* _WORK REQUIRED_:
Without copying any picture, return all lines below exactly.

* _DATA EXTRACT_:
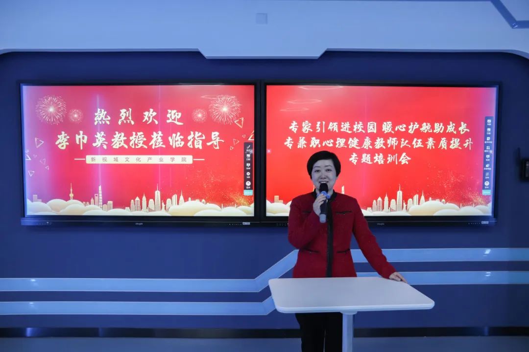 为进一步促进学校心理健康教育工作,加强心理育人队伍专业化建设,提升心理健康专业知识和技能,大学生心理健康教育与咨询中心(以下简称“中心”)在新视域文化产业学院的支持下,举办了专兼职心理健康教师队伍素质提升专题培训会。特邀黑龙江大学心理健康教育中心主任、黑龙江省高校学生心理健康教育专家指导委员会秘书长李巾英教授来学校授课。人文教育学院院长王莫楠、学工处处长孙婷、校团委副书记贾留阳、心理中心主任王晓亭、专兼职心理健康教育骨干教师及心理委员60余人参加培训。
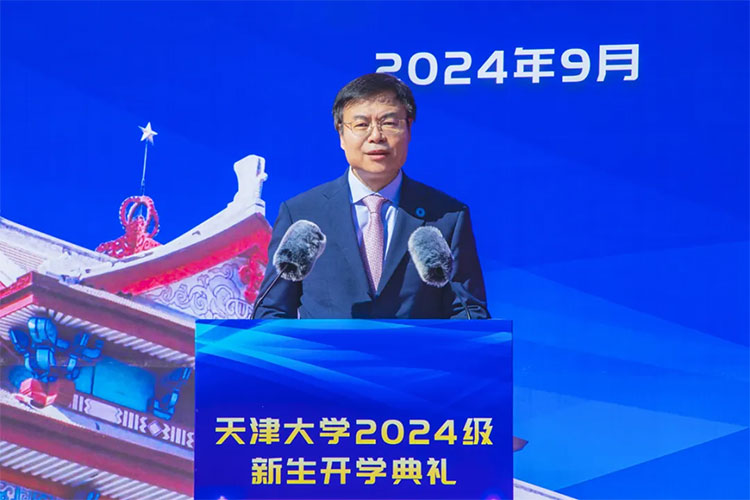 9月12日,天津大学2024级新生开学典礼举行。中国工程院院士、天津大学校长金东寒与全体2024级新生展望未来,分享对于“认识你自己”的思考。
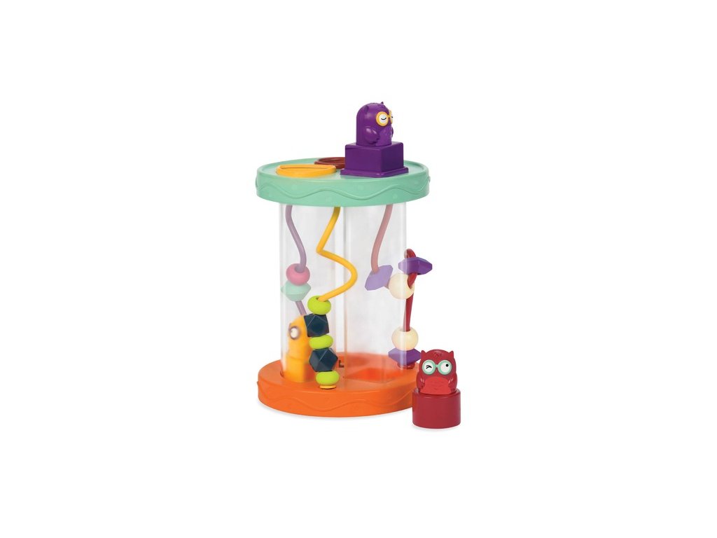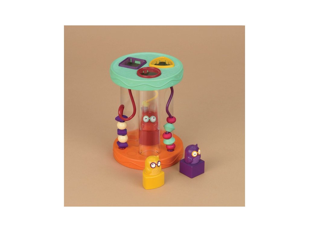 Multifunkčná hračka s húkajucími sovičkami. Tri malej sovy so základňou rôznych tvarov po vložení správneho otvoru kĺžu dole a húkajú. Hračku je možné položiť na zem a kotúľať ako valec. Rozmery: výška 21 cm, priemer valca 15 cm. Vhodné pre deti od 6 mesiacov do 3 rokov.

* _RESULT_:
 为进一步促进学校心理健康教育工作,加强心理育人队伍专业化建设,提升心理健康专业知识和技能,大学生心理健康教育与咨询中心(以下简称“中心”)在新视域文化产业学院的支持下,举办了专兼职心理健康教师队伍素质提升专题培训会。特邀黑龙江大学心理健康教育中心主任、黑龙江省高校学生心理健康教育专家指导委员会秘书长李巾英教授来学校授课。人文教育学院院长王莫楠、学工处处长孙婷、校团委副书记贾留阳、心理中心主任王晓亭、专兼职心理健康教育骨干教师及心理委员60余人参加培训。
 9月12日,天津大学2024级新生开学典礼举行。中国工程院院士、天津大学校长金东寒与全体2024级新生展望未来,分享对于“认识你自己”的思考。
 Multifunkčná hračka s húkajucími sovičkami. Tri malej sovy so základňou rôznych tvarov po vložení správneho otvoru kĺžu dole a húkajú. Hračku je možné položiť na zem a kotúľať ako valec. Rozmery: výška 21 cm, priemer valca 15 cm. Vhodné pre deti od 6 mesiacov do 3 rokov.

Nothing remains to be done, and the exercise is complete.